▸ Task brief:
Omit any pictures, and restate word for word only the lines from the one with "Pittsburgh = Big" through the end of the data below.

=== Exercise data ===

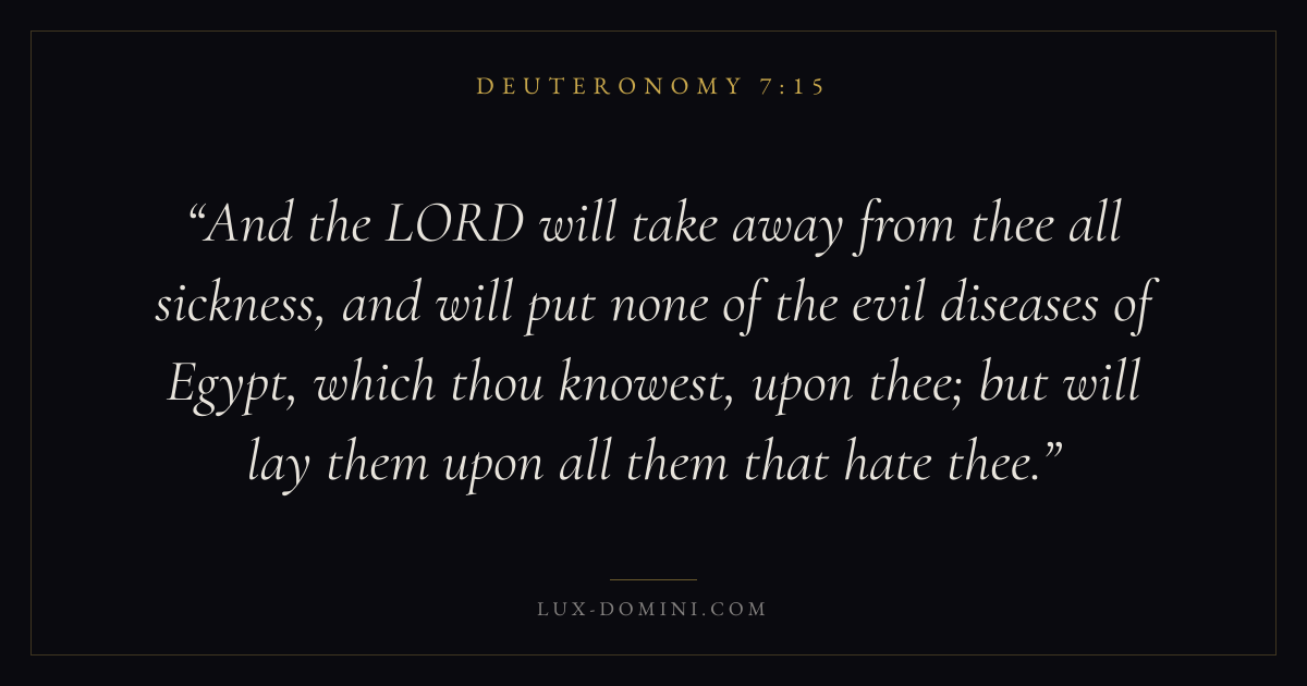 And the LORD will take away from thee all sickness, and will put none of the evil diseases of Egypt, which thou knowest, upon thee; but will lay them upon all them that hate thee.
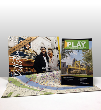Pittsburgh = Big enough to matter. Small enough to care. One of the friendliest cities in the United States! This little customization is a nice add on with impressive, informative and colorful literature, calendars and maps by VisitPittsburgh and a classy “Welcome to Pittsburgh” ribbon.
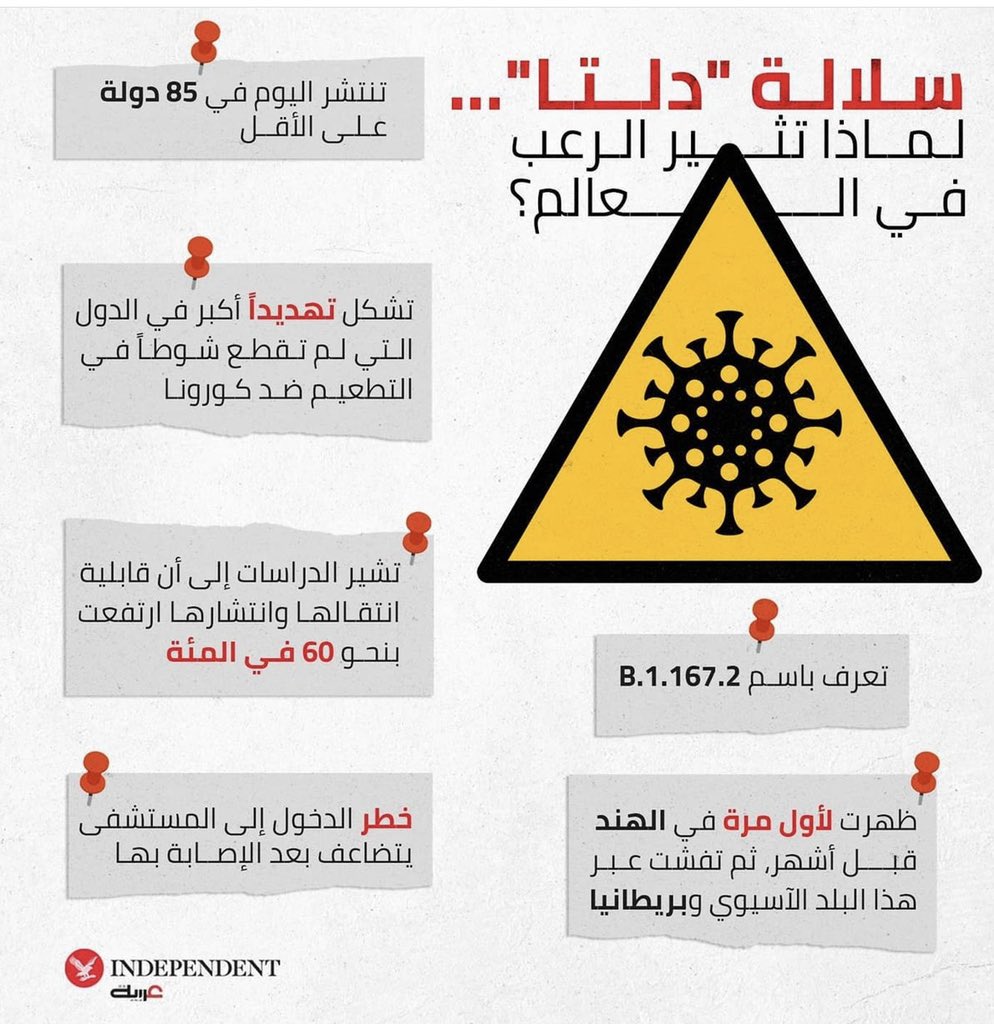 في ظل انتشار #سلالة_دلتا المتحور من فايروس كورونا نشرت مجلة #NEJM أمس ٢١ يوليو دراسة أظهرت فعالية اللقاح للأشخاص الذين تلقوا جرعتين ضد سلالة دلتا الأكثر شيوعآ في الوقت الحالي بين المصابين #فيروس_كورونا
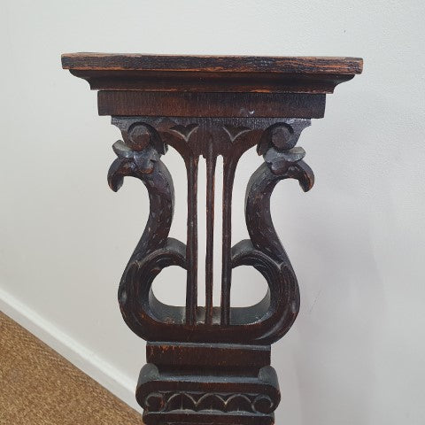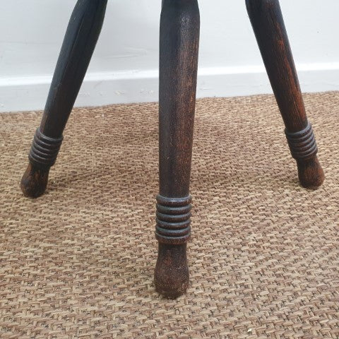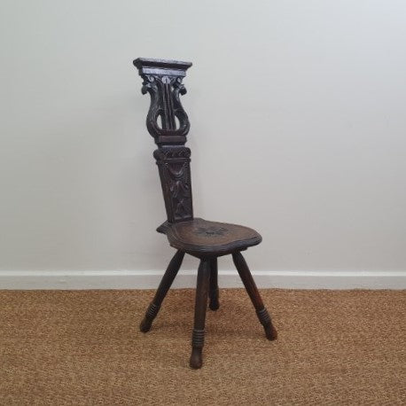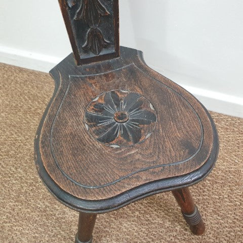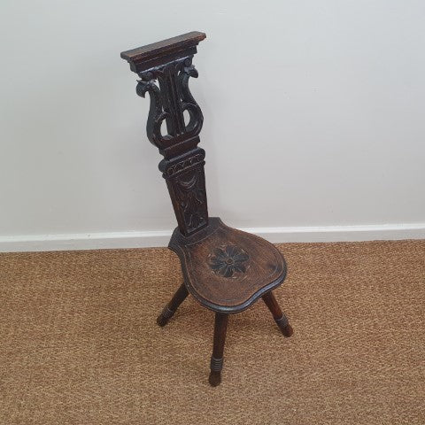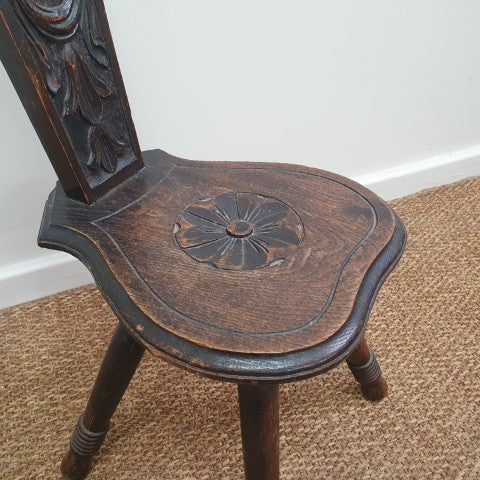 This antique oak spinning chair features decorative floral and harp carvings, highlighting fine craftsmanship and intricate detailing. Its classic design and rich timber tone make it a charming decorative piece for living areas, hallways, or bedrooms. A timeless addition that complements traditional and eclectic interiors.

===

▸ Result of this task:
Pittsburgh = Big enough to matter. Small enough to care. One of the friendliest cities in the United States! This little customization is a nice add on with impressive, informative and colorful literature, calendars and maps by VisitPittsburgh and a classy “Welcome to Pittsburgh” ribbon.
 في ظل انتشار #سلالة_دلتا المتحور من فايروس كورونا نشرت مجلة #NEJM أمس ٢١ يوليو دراسة أظهرت فعالية اللقاح للأشخاص الذين تلقوا جرعتين ضد سلالة دلتا الأكثر شيوعآ في الوقت الحالي بين المصابين #فيروس_كورونا
 This antique oak spinning chair features decorative floral and harp carvings, highlighting fine craftsmanship and intricate detailing. Its classic design and rich timber tone make it a charming decorative piece for living areas, hallways, or bedrooms. A timeless addition that complements traditional and eclectic interiors.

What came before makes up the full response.